If de Gas [Degas], Claude Monet, Renoir, Sisley and C. Pissarro took the initiative, saying, “Look here, we 5 give 10 paintings each (or rather we each give to the value of 10,000 Frs. to be estimated by expert members such as Tersteeg and yourself, co-opted by the Society, said experts likewise to put in capital in the form of paintings) and we further undertake to hand over every year pictures to the value of…
“And we invite you others, Guillaumin, Seurat, Gauguin, etc., etc., to join with us (your paintings to undergo the same expert evaluation).”
Thus the great impressionists of the Grand Boulevard, while giving pictures which would become general property, would keep their prestige, and the others could no longer reproach them with keeping to themselves the advantages of a reputation no doubt acquired primarily through their personal efforts and individual genius, but all the same a reputation that is growing, buttressed and actually maintained by the paintings of a whole battalion of artists who have been working in perpetual poverty.
Anyway, it is to be hoped that it will come off, and that Tersteeg and you will become expert members (with Portier, perhaps?).

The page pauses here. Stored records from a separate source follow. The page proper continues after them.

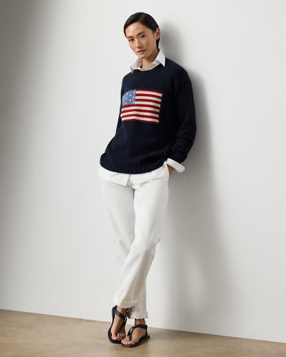 Carefully crafted to live on for generations to come, our iconic Cradle to Cradle Certified® Flag Crewneck Sweater embodies a sense of American style and luxury that gets better with age. C2C certification is the global standard for products that are safe and circular. Ralpthth Lauren partnered with an independent assessment body to ensure every component of this sweater meets the C2C Certified® Product Standards set by the Cradle to Cradle Products Innovation Institute (C2CPII).
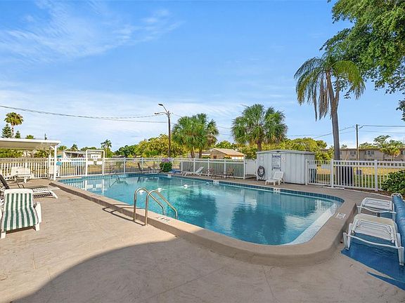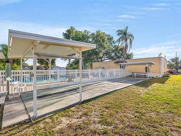 Don’t miss your chance to own a move-in-ready home in the highly desirable 55+ community of Brookside Manor—where the HOA is just $150/month! Perfectly positioned directly across from the pool and shuffleboard courts, this home offers unbeatable convenience and access to resort-style amenities. Step inside to an airy, open-concept layout filled with natural light. Recent upgrades include new flooring, lighting, and fresh paint throughout, giving the home a modern, refreshed feel. Enjoy added living space in the inviting Florida room—ideal for morning coffee or evening relaxation. The shaded lot provides a cool, comfortable setting, while the two-car carport and attached storage shed allows practicality and extra room for your tools or gear. Plus, with an in-home washer and dryer, you’ll appreciate the ease of doing laundry without ever leaving the comfort of home. Just minutes from world-renowned beaches, major airports, and a wide array of dining, shopping, and entertainment options, this location offers both tranquility and accessibility. The $22,000 share price is included in the sale—making this a smart and affordable investment in your next chapter. Schedule your private tour today and discover why Brookside Manor is the perfect place to call home!
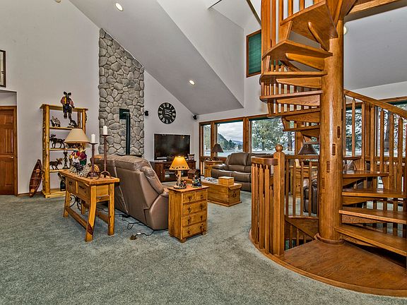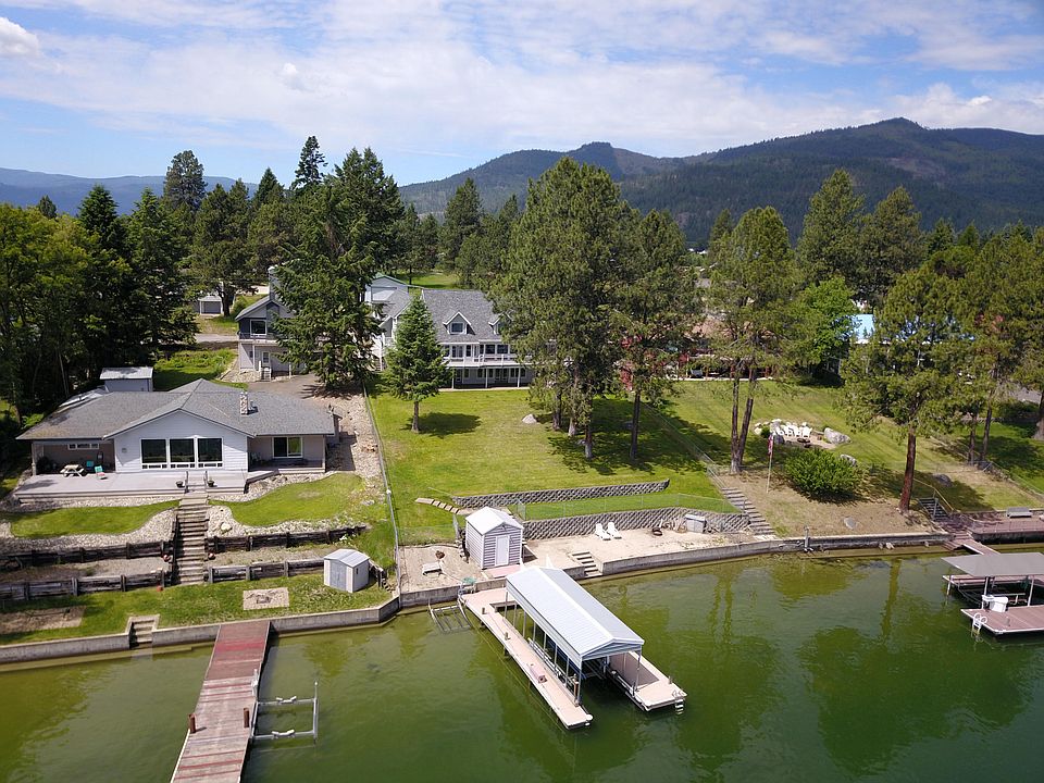 Bring the whole family to the River!! Room for everyone with over 5000 sq ft. in this beautiful river front home. Pride of ownership shows throughout this expansive home. Custom wooden spiral staircase connects the upper 2nd floor nook to the well appointed kitchen and down to the comfortable walkout daylight basement. Wrap around decking on the main floor with multiple staircases provide easy access to large back yard. Large dock with covered boat lift, sandy beach, storage shed and concrete sea wall. Newer 30 year roof. Community boat launch a few hundred yards away. Less than two miles to Riley Creek Campground, under 15 miles to Sandpoint. 25 miles to world class skiing at Schweitzer Mountain Resort.
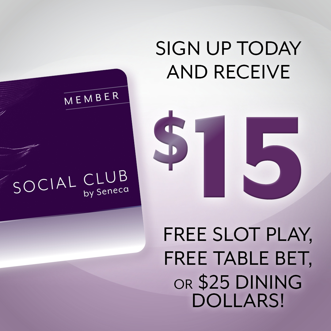 *Offer valid only on day of enrollment. Must be a newly enrolled Social Club by Seneca member. Must be 21 years or older to register for a Social Club card at Seneca Niagara Resort & Casino, Seneca Allegany Resort & Casino or Seneca Buffalo Creek Casino. Bus groups are not eligible to participate in New Member offer.
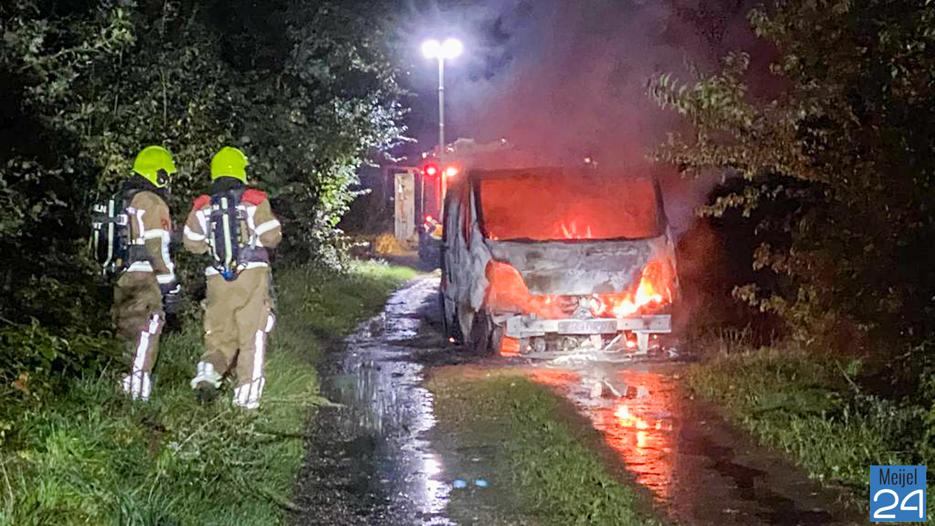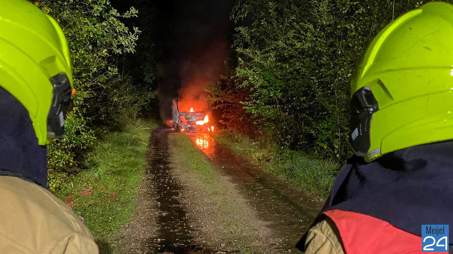 Zondagavond is er een brandende bestelbus aangetroffen in een bosgebied in de buurt van de Gesselseweg in Heibloem.
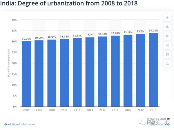 2019年,印度城镇人口大约4.7亿,占总人口34.43%,按照目前印度城镇化进度预估,达到50%的城市人口需要25年左右。(国内达到这一目标大概8年时间)
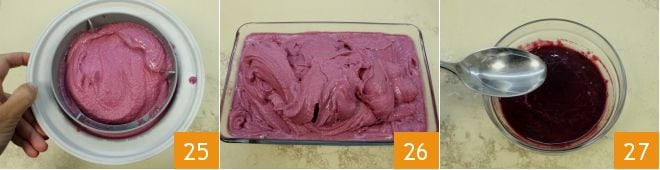 Poned en funcionamiento la heladera, hasta que la mezcla se haya espesado (tomará unos 30-35 minutos) 25. Luego verted el helado obtenido en un bol grande 26, niveladlo y dejadlo en el congelador durante al menos 30 minutos. Mientras tanto, pasad a preparar el almíbar para el bizcocho de cacao. Triturad la uva fresa necesaria para el almíbar como lo hicisteis anteriormente (secuencias 11-12-13) y verted el jugo obtenido en un bol pequeño. Luego alargad el jugo con 2 cucharadas de agua 27.
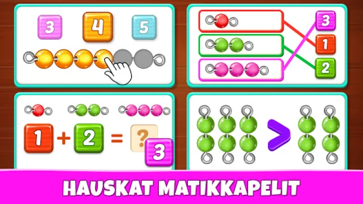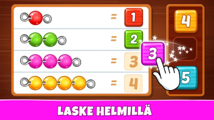 Sovelluksen ytimessä on monipuolinen helmimenetelmä, joka herättää abstraktit numerot eloon konkreettisina esineinä. Lapset voivat tutustua laskemiseen ja perusmatematiikkaan useiden eri minipelitilojen kautta, kuten "Matematiikka helmien kanssa", joka tarjoaa useita haasteita, ja "Helmien laskeminen peräkkäin", joka on ihanteellinen aloittelijoille. Lisäksi tilat kuten "Helmet korissa" ja "Taikahelmet" kehittävät numerotajua sijoittamalla helmiä annettujen numeroiden mukaisesti, kun taas "Kymmenet ja ykköset" sekä "Helmet hauskaa kymmenien ja ykkösten kanssa" opettavat sijoitusarvoja selkeästi. "Määrä Games" -osiossa on runsaasti laskuharjoituksia ja sijoitusarvojen opettelua satoihin asti, sekä yksinkertaisia yhteen- ja vähennyslaskuja. "Trace Numbers" -tila tarjoaa erinomaisen tavan harjoitella numeroiden hahmottamista ja jäljittämistä. Lapset oppivat myös yhteen- ja vähennyslaskua sekä numeroiden vertailua helppojen ja hauskojen harjoitusten kautta.
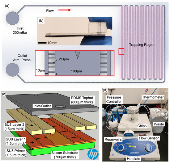 (a) Schematic diagram of a microfluidic chip. Insets show the two sections of the device used in flow simulations. (b) Image of a final chip used during experiments. The scale bar denotes 10 mm. (c) 3D exploded view of layers in chip. (d) Experimental setup.
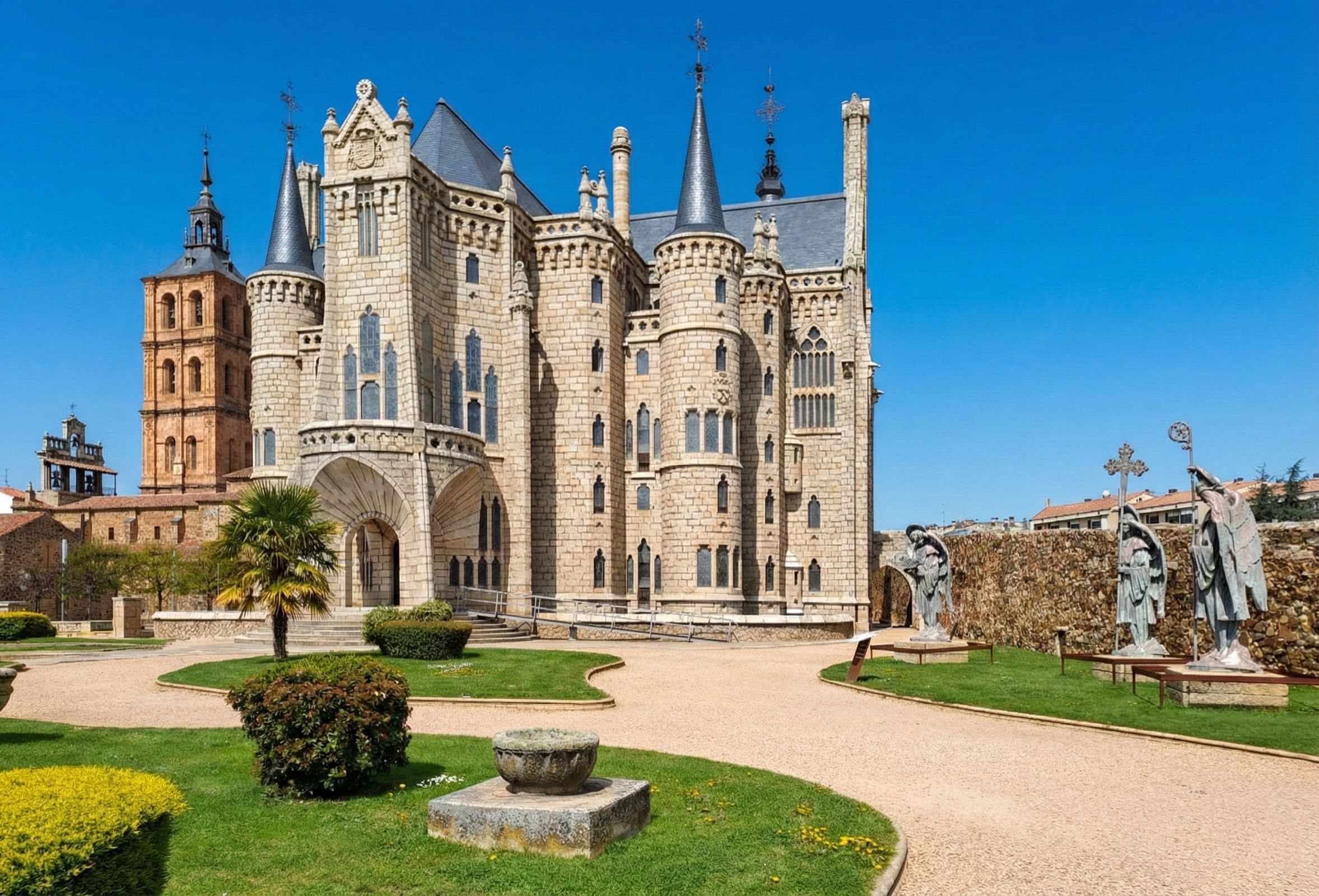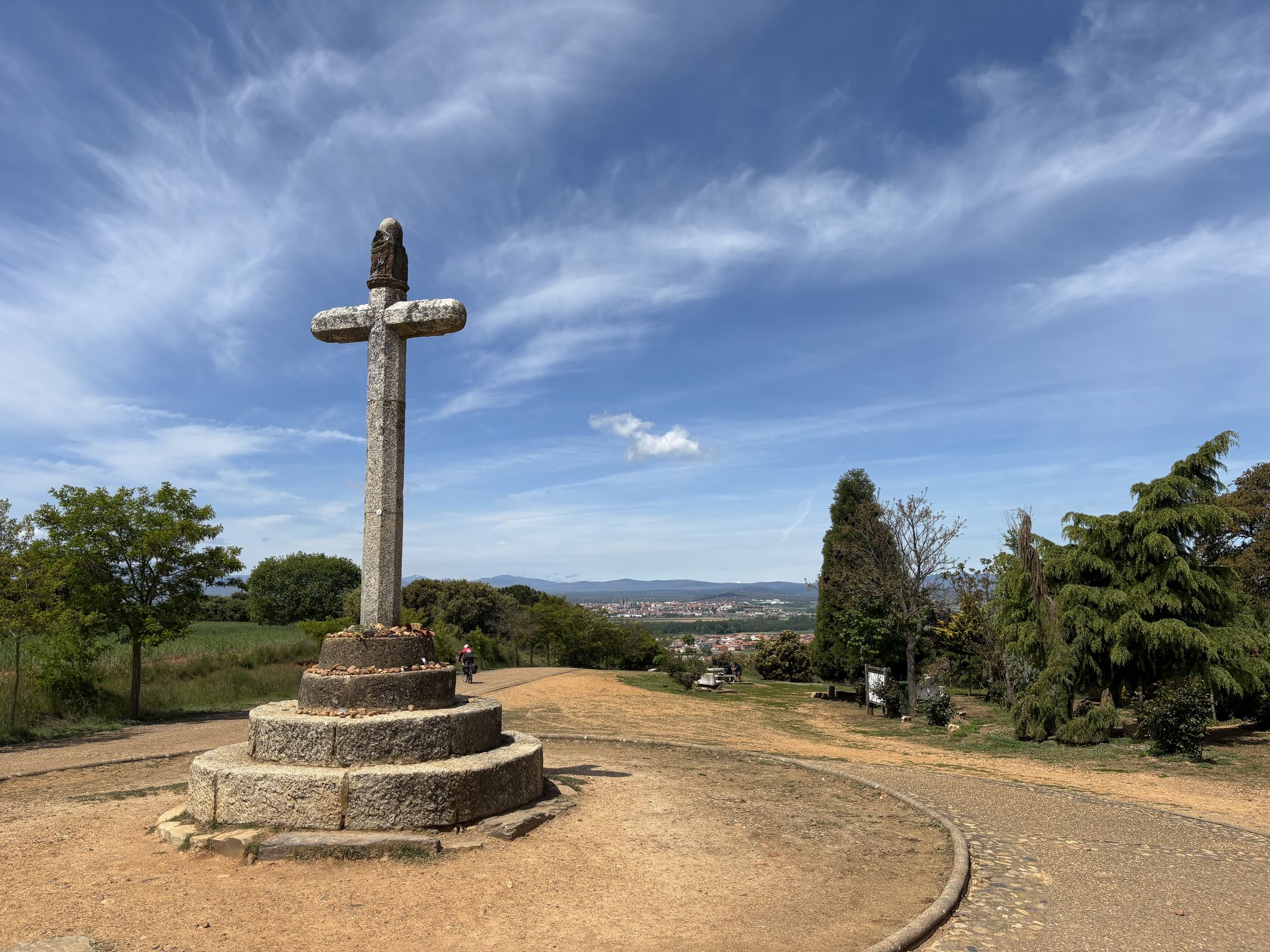 Je laat de grotere stad al snel achter je en fietst door een open landschap met kleine dorpen en boerderijen. Bij Hospital de Órbigo steek je een lange middeleeuwse brug over, een van de iconische plaatsen op de Camino. Daarna rijd je de streek Maragatería binnen, met zijn stenen huizen en eigen tradities. Astorga is compact en verrassend: naast de kathedraal staat het bisschoppelijk paleis van Gaudí en in de straten herinneren chocoladewinkels aan de tijd dat dit de “chocoladestad” van Spanje was.
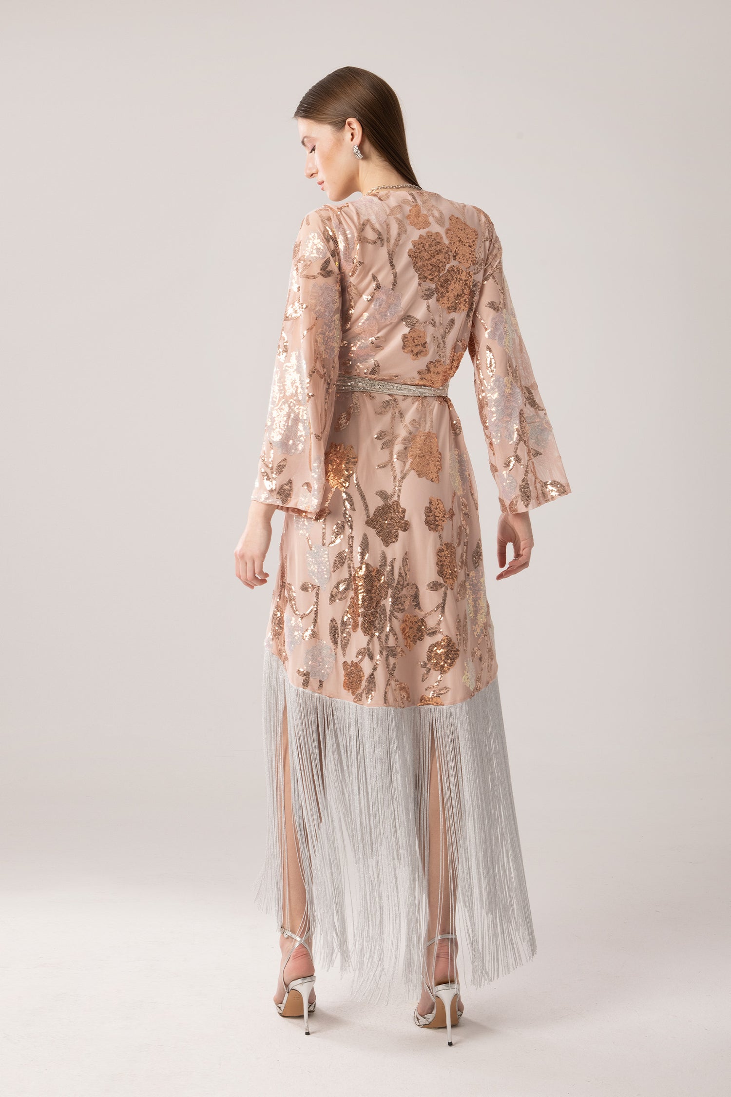 Εντυπωσιακό κιμονό/φόρεμα σε nude ροζ απόχρωση με χρυσά floral παγιέτα μοτίβα που χαρίζουν πολυτελή λάμψη. Το κρουαζέ σχέδιο αγκαλιάζει κομψά τη σιλουέτα, ενώ η διακοσμητική ζώνη με παγιέτα τονίζει τη μέση και προσθέτει glam χαρακτήρα.
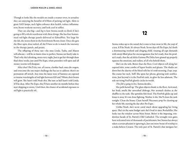 The key to Sammy’s capture and humanity’s salvation may be ten-year-old Dallas Underhill, whom Sammy temporarily adopts. Sammy himself is scientifically enhanced—with a cutting-edge cochlear implant—by which he discovers Sammy possesses superior skills that allow him to communicate with and direct other rats who have not been modified. But while Dallas and Sammy bond, time is running out for humankind: once Sammy sires his progeny, the exponential proliferation of his kind could spell the end of the world.
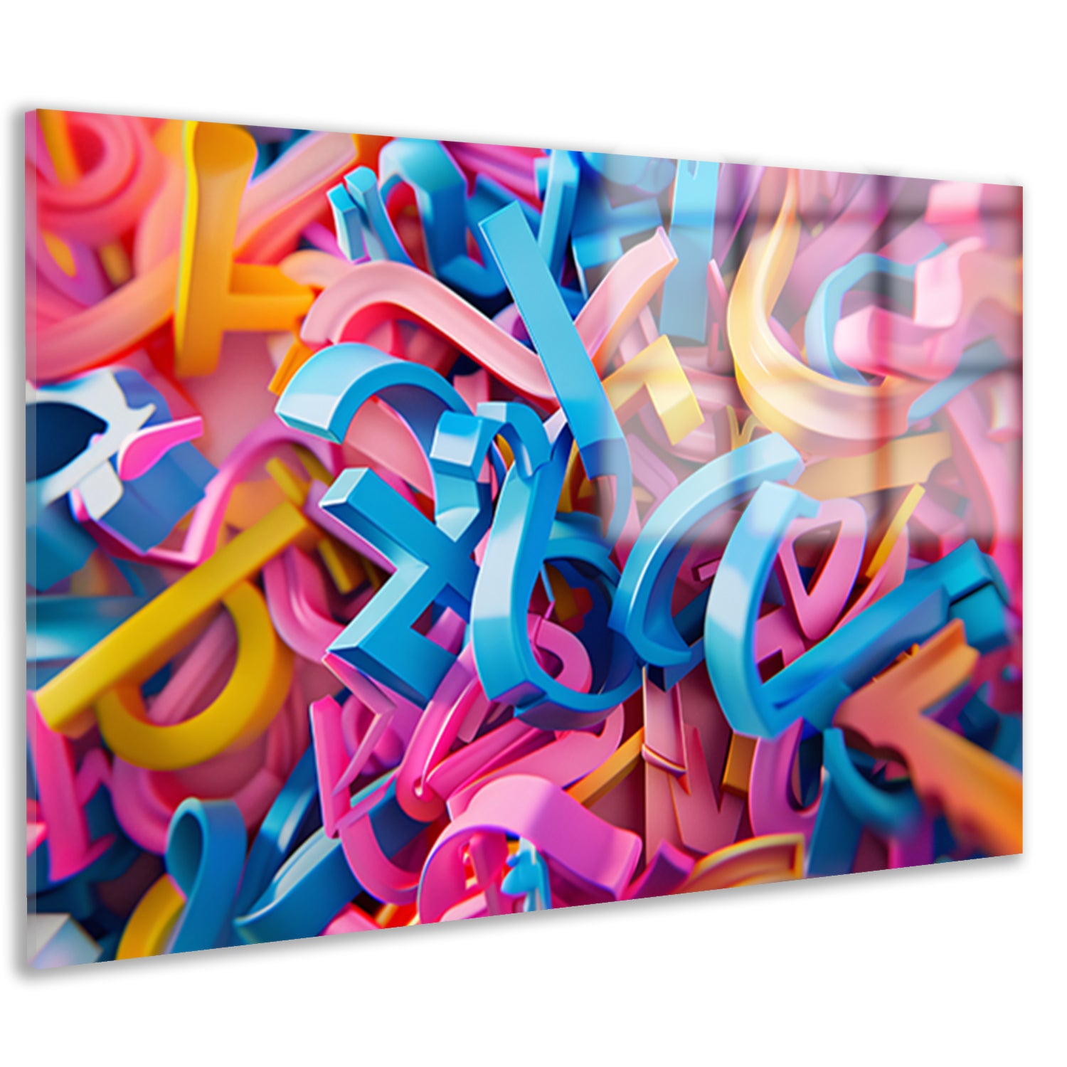 Kleurrijke 3D typografie met abstracte letters acrylglas
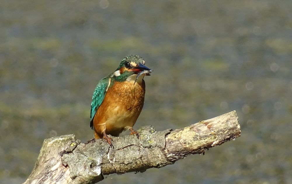 Ijsvogel zat een tijdje op de tak op eens dook ze in het water en ja hoor ze had een visje te pakken .
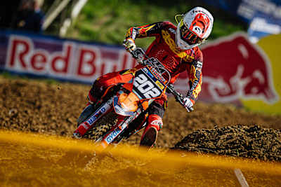 Maxime Grau erlebte einen perfekten Samstag. Zunächst sicherte er sich als Acerbis Best Qualifier die Pole-Position und verwandelte diese im Rennen sofort in den Red-Bull-Holeshot vor Valentin Kees (D/Kosak Racing Team), Manuel Carreras (E/KMP-Honda-Racing powered by DVAG) und Liam Owens (AU/Cat Moto Bauerschmidt Husqvarna). Carreras stürzte in der Startrunde und fiel ins Mittelfeld zurück. Meisterschaftsleader Mads Fredsoe (DK/Cat Moto Bauerschmidt Husqvarna) und Nico Greutmann (CH/Cat Moto Bauerschmidt Husqvarna) rückten dadurch in die Top Fünf auf. Die Spitzengruppe blieb lange dicht beisammen, nur Fredsoe verlor in der zweiten Rennhälfte Platz um Platz und fiel hinter Lyonel Reichl (LIE/KTM Sarholz Racing Team) auf Rang sechs zurück. In der Schlussphase wurde es hinter Grau eng: Kees verteidigte den zweiten Platz knapp gegen Owens und sorgte für Jubel bei den deutschen Fans.
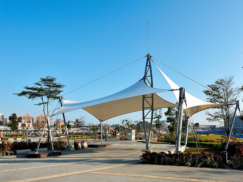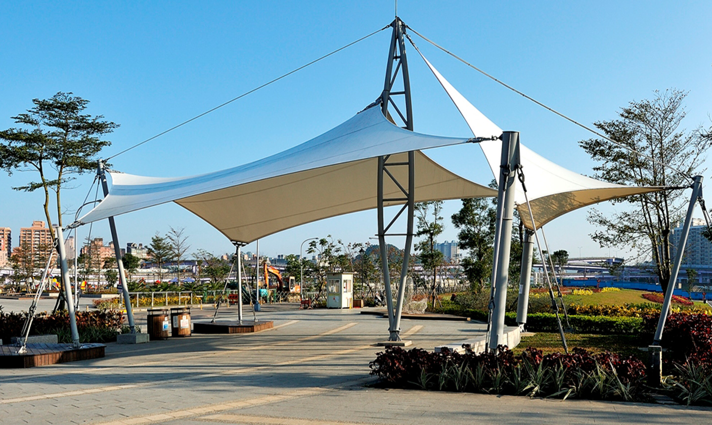 膜結(jié)構(gòu)景觀棚輕巧、別致的造型在停車場及候車廳的建設(shè)中起到重要作用,除了滿足防風(fēng)雨、防日曬等基本功能外,并有較好的標(biāo)識招攬效果,展現(xiàn)了人們個性化的一面。如果你想有陰影覆蓋或擴大你的建筑特征,在短時間內(nèi)改變,除了木頭,石頭,金屬和玻璃材料的使用,另一種合適的材料是膜結(jié)構(gòu)景觀棚)。用PVC和PTFE膜,因此他們可以以低成本設(shè)計場館的屋頂結(jié)構(gòu)所需的形狀,這些材料可以被成功地用于幾乎所有的景觀或建筑環(huán)境,而且不受任何天氣條件的影響。膜結(jié)構(gòu)景觀棚的其他優(yōu)點是制造和安裝時間短,便宜的價格,高,拉伸和橫向的優(yōu)勢。

I have two more studies of landscapes. I hope that the work will go on steadily now, and that in a month I shall be able to send you a first consignment. I say in a month, because I want to send you only the best, and because I want them to be dry, and because I want to send at least a dozen at a time, owing to the expense of carriage.
I congratulate you on purchasing the Seurat; with what I will be sending you, you must try to arrange another exchange with Seurat as well.
You realize that if Tersteeg joins you in this business, between you two you could easily persuade Boussod Valadon to grant a regular credit for the necessary purchases. But it is urgent, since failing that, the dealers will cut the ground from under your feet.
I have made the acquaintance of a Danish artist [Mourier Peterson] who talks about Heyerdahl and other Northerners, Kroyer, etc. His work is dry, but very conscientious, and he is still young. Some time ago he saw the exhibition of the impressionists in the Rue Lafitte. He is probably going to Paris for the Salon, and wants to make a tour in Holland to see the museums.
I quite approve of your exhibiting the “Livres” with the Independents; its title ought to be “Romans Parisiens.”
I should be so glad to hear that you had managed to persuade Tersteeg - but we must be patient.
I had to get 50 francs worth of stuff when your letter arrived.This week I shall set four or five things going.
I am daily thinking about this association of artists, and the plan has developed further in my mind; but Tersteeg must be in it, a lot depends on that. As a matter of fact, the artists would have Tersteeg's help. Without that we should be left listening from morning till night to the lamentations of them all as a whole, and each man in particular would be everlastingly coming to ask for explanations, axioms and so forth. I should not be surprised if Tersteeg's view will be that we cannot do without the artists of the Grand Boulevard, and that he will try to persuade them to take the initiative towards our association by giving paintings which would become common property, no longer individual. If they were to make the proposal, the Petit Boulevard, in my opinion, would be morally obliged to join.
And these gentlemen of the Grand Boulevard will keep their present reputation only if they can forestall the not unfounded criticisms of the lesser impressionists, who will say, “Everything goes into your pockets.”
To which they might well make reply, “Not at all, on the contrary, we are the first to say that our pictures belong to the artists!” If de Gas, Monet, Renoir and Pissarro were to say that, even allowing plenty of margin for their individual ideas when it comes to putting it into practice, they could do worse, if only by saying nothing at all and letting things slide.

Ever yours, Vincent


At this time, Vincent was 34 year old
Source:
Vincent van Gogh. Letter to Theo van Gogh. Written 10 March 1888 in Arles. Translated by Robert Harrison, edited by Robert Harrison, number 468.